Hard Luck stories. Poor Me stories. Isn’t It Sad stories. Isn’t it sad I had to do what I had to do? I looked the other way during kickbacks, I put less in the Sunday envelope, I hit my kid and now he’s got this stutter, my husband left me and I had to raise my three blind girls alone. Bruno, Bruno, poor Elena, poor Lucia, poor whoever, poor me, no one should have this much trouble. Bruno, Bruno, you’re so hardhearted. Isn’t it sad? I say, You got trouble? Too bad, my condolences, deal with it. There’s no trick to this. I’m not here as a therapist. This guy Darwin on TV had it right: you got too many legs, a fin out to here, teeth smaller than Harvey across the rock, you’re not gonna make it. And what is that? What? Bad luck? You pray all your life you don’t get luck like some people get. Guys with no eyes, guys whose whole families go down on some boat, guys who’re vegetables, get fed off a tray. People say, Bruno you wouldn’t be so hard it happened to you — I say, My father came over here, he was fourteen years old, knew four words of English — four — worked on the highways going in upstate for three days and a back-loader dumped a load of shale where he was standing, crushed his legs. Guy called, “All clear?” and my dad waved and stood there. My mother died of this simple thing because some Mick doctor couldn’t find his ass with both hands and a diagram. I’m forty-two years old, never got married, I’ve gone broke twice. Started up from nothing twice. Now I sell cars. You think I like selling cars? My life is a bowl of roses selling cars?

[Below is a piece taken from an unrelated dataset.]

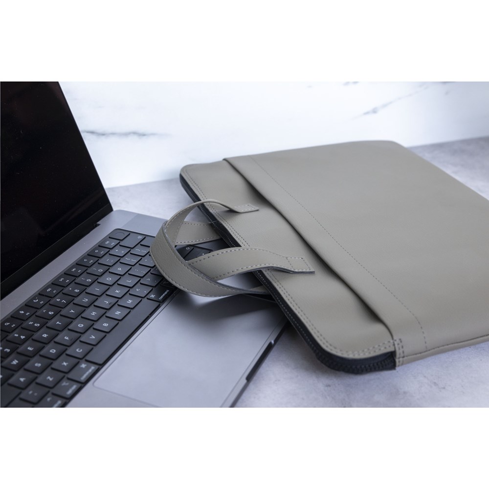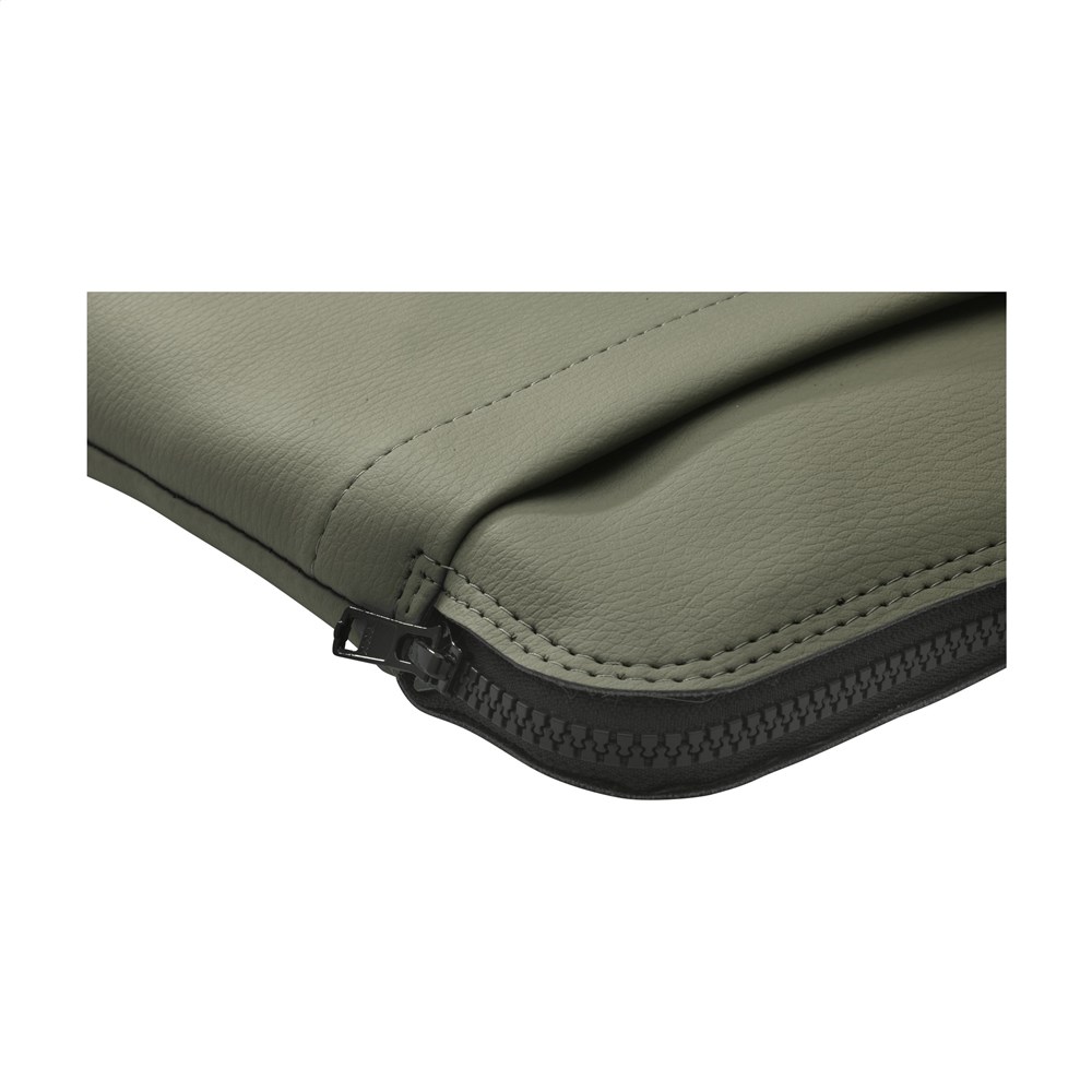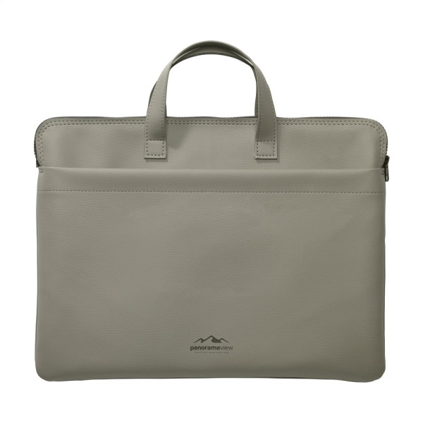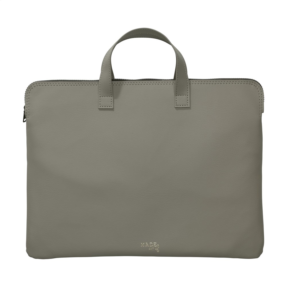 ith a luxurious, design, this 15-16-inch laptop bag from the MADE out of brand, made from vegan leather. The vegan leather is a plant-based alternative to leather and made from recycled apple pulp. It has the look and feel of real leather. The waste from the apples is processed and then combined with a mix of PU, polyester and cotton. This laptop bag has a YKK zipper, 2 handles and a front pocket. The spacious main compartment is neatly finished with a 100% recycled PET lining, and offers enough space for a charger, documents and a notepad. Suitable for storing and safely transporting a laptop up to 16-inches. Keep everything in one place, even when you are on the go. This top product is handmade. Dutch design. Made in Holland.

I came here, started working in the off-season. Everything was down. Sales were down. The economy was down. Inventory was down. Spirits were down, morale was down, the shade in my office was down. The desk they gave me, the drawers didn’t open. They probably figured, Guinea, he’s not gonna write anything, anyway. They told me I couldn’t use the coffee machine. I hadda go across the street. You imagine this? Bruno, it’s only an eight-cupper. Oh, I didn’t realize. You know what it’s like, you’re humping to sell the car, Gee, Mr. Dickhead, would you like a cuppa coffee? Okay, well, we’ll have to go across the street, see, because I got this disease and they don’t let me touch their fucking coffeepot. Gas shortage, oil shortage, money shortage, no beans for the soup: just the time to be selling ocean-liner Buicks in Bridgeport. I’m brand new at this, standing there in my — I got one suit, I change the shirt and ties day to day — and guys’re coming in without a pot to piss in, just looking for transportation, and I’m pushing station wagons with power sunroofs. Four doors you can land planes on. The whole world’s selling little Nip cars to Yupsters at eighty-percent markups and I’m selling V-8s to cane-dragging Sanka-sucking cottontops. But I sold. I sold to everybody. I sold to morons. I sold to kids. I sold to widows with bad eyesight. I sold to sharpies. I sold to Puerto Ricans. I sold to mulignons. I sold to family. I got my coffeepot. I drink their coffee now.